Records drawn from a dataset:
- - -
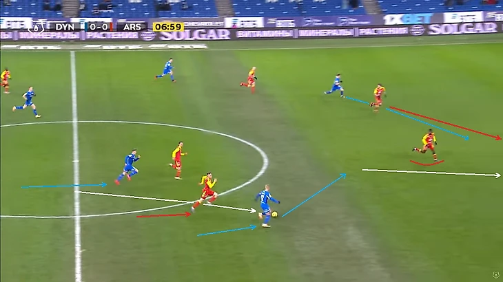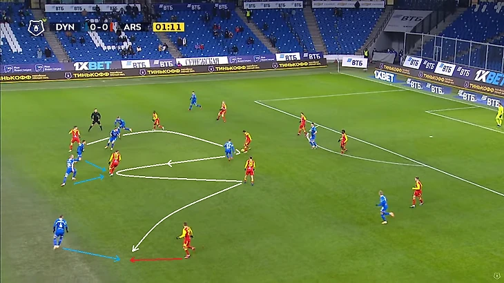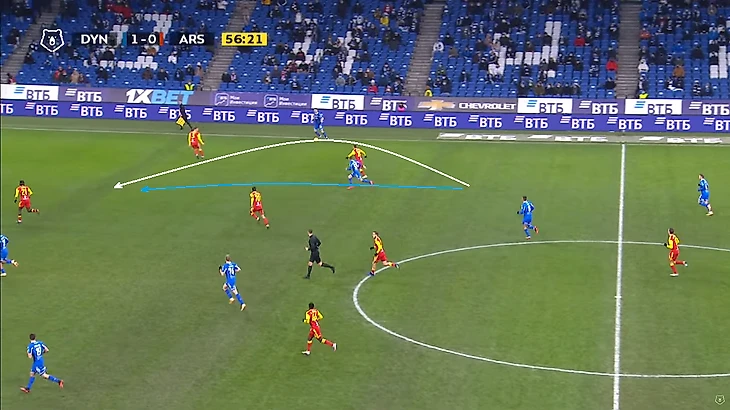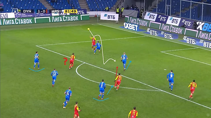 Первые 25 минут второго тайма были явно за Динамо, которое становилось похоже на то «самое Динамо», которое строит Сандро Шварц: агрессивное по всему полю и на протяжении всего матча. Но Шварцу ещё предстоит много поработать для того, чтобы стабильность команды была в каждом без исключения матче. Этой же игре предстояло снова сменить свой вектор. Либо это жёлтая карточка Ордецу повлияла, либо одновременная замена в составе Арсенала, но со 72 минуты игра стала равной. А позже, когда наш тренер допускает серьёзную (на мой взгляд) ошибку при расстановке игроков после замены Нжи на Лесового, Арсенал вообще перехватил инициативу. Мало того, что вышедший Рауш проводил первую игру в защите справа (по данным transfermarkt.com их было ноль) [мой косяк, нормально Рауш вышел], но и «левый» Грулёв играл справа, а «правый» Нжи играл слева. За десять минут до конца стала напрашиваться замена Моро на Каборе. Посмотрите, как Никола теряет своего игрока на важнейшем участке поля у своих ворот:
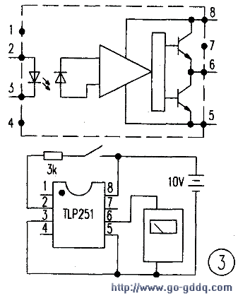 TLP251是变频器常用的光耦驱动电路,当功率模块击穿时常殃及该电路。其内部电路和测量方法如图3所示。当②脚经3kΩ与10V电源断开或接通时。⑥脚有0V或9V的高低变化。
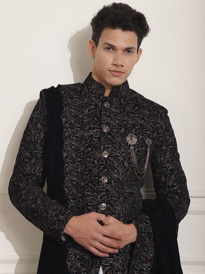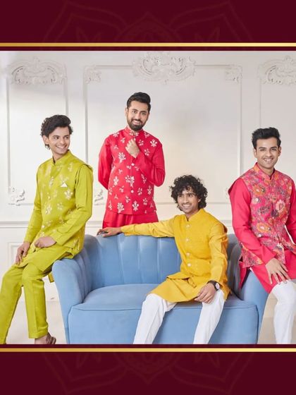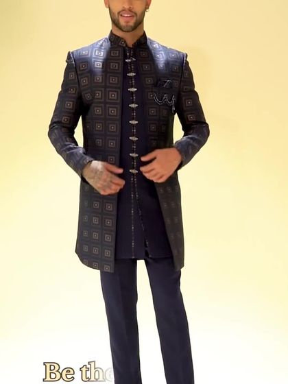 Fashion-forward men looking for unique occasion wear that balances cultural elements with contemporary design, especially for weddings, sangeet ceremonies, and festive celebrations.
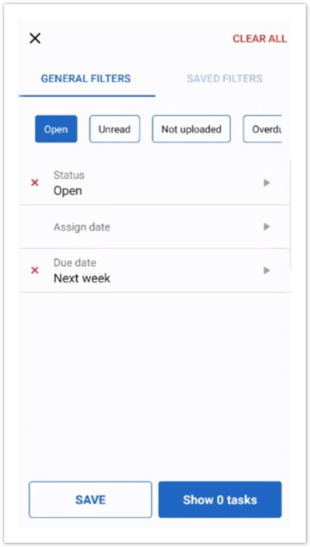 After you saved at least one filter set, the Saved Filters tab will appear in the Filter screen showing the list of presets with the number of tasks related to it.
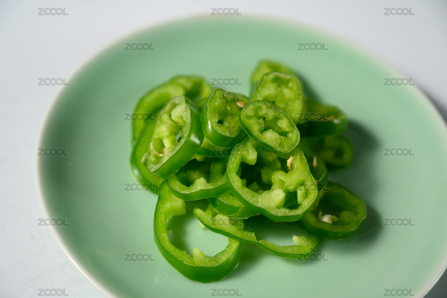 桌面上的盘子里的美味可口的新鲜辣椒圈
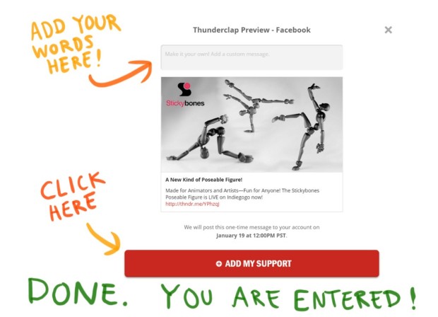 How To Join the Thunderclap to enter the contest—A Visual Guide (This example is from our first Thunderclap contest from January—the new message will vary.) *Please note, the images below are just jpeg examples. To enter, you'll need to go Here.
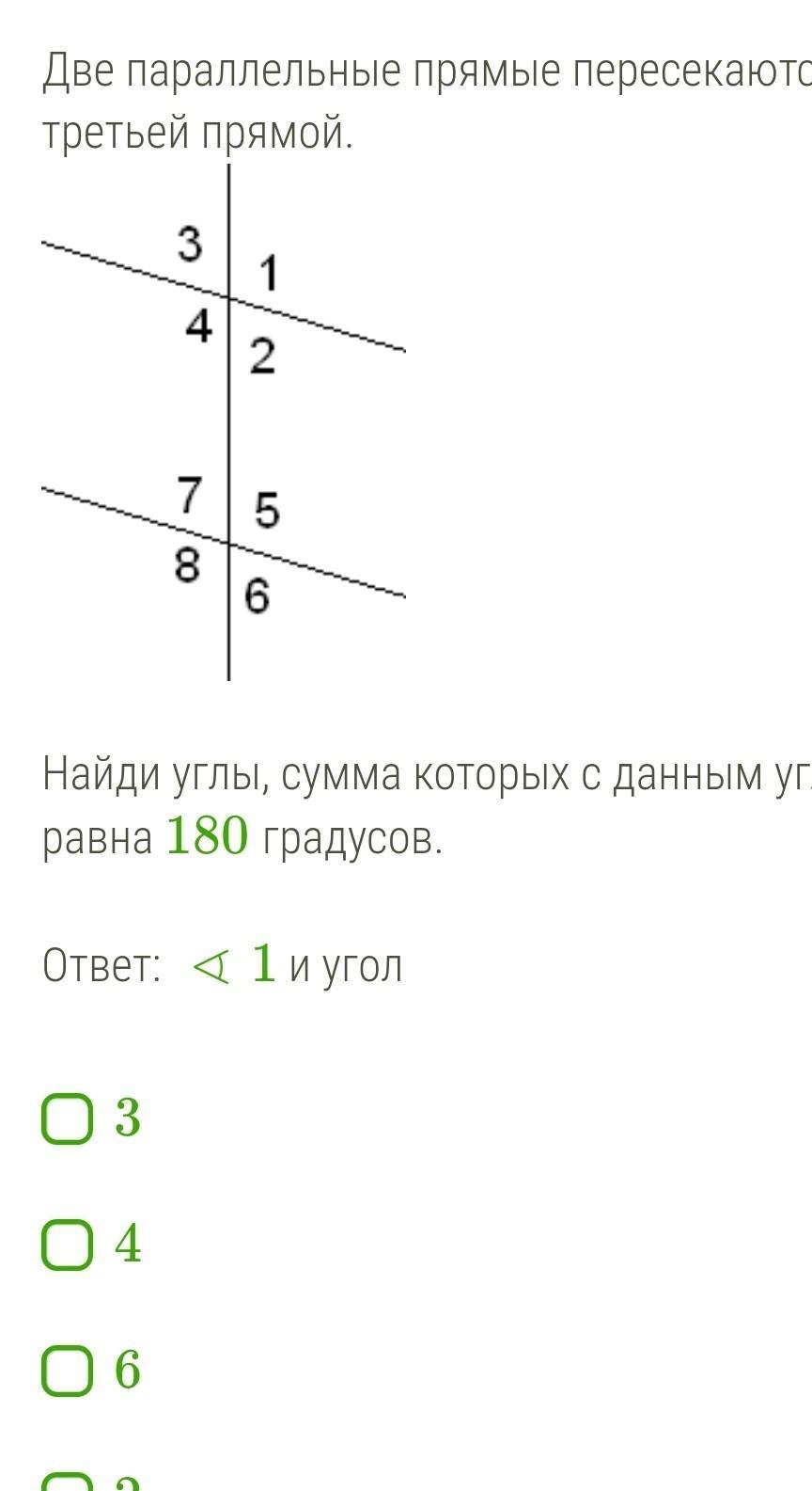 Найди углы, сумма которых с данным углом равна 180 градусов.
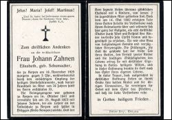 ∞ 23.8.1873 Johann Zahnen Lehrer in Kerpen, später in Brüggen, Kr. Kempen, † 14.5.1882; 4 K., davon 2 jugendl. †; als Witwe Rückkehr mit den Kindern nach Kerpen |
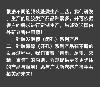 ????我公司生產(chǎn)的硅膠海綿具有耐高溫、耐壓、透氣性能好、抗撕拉、使用壽命長、環(huán)保等特點(diǎn),主要適用于服裝干洗、水洗熨燙設(shè)備,如壓燙機(jī)和燙臺等。另外我們也提供各種燙氈、罩布等整燙專用墊料,客戶可根據(jù)不同熨燙工藝選擇不同的搭配組合,滿足高品質(zhì)的熨燙要求。
- - -
• **WHAT THE EXERCISE ASKS**:
Leaving pictures out, output the lines of the data above from the one with "Найди углы, сумма" through the one with "nach Kerpen |", word for word.

• **ANSWER FOR THE TASK**:
 Найди углы, сумма которых с данным углом равна 180 градусов.
 ∞ 23.8.1873 Johann Zahnen Lehrer in Kerpen, später in Brüggen, Kr. Kempen, † 14.5.1882; 4 K., davon 2 jugendl. †; als Witwe Rückkehr mit den Kindern nach Kerpen |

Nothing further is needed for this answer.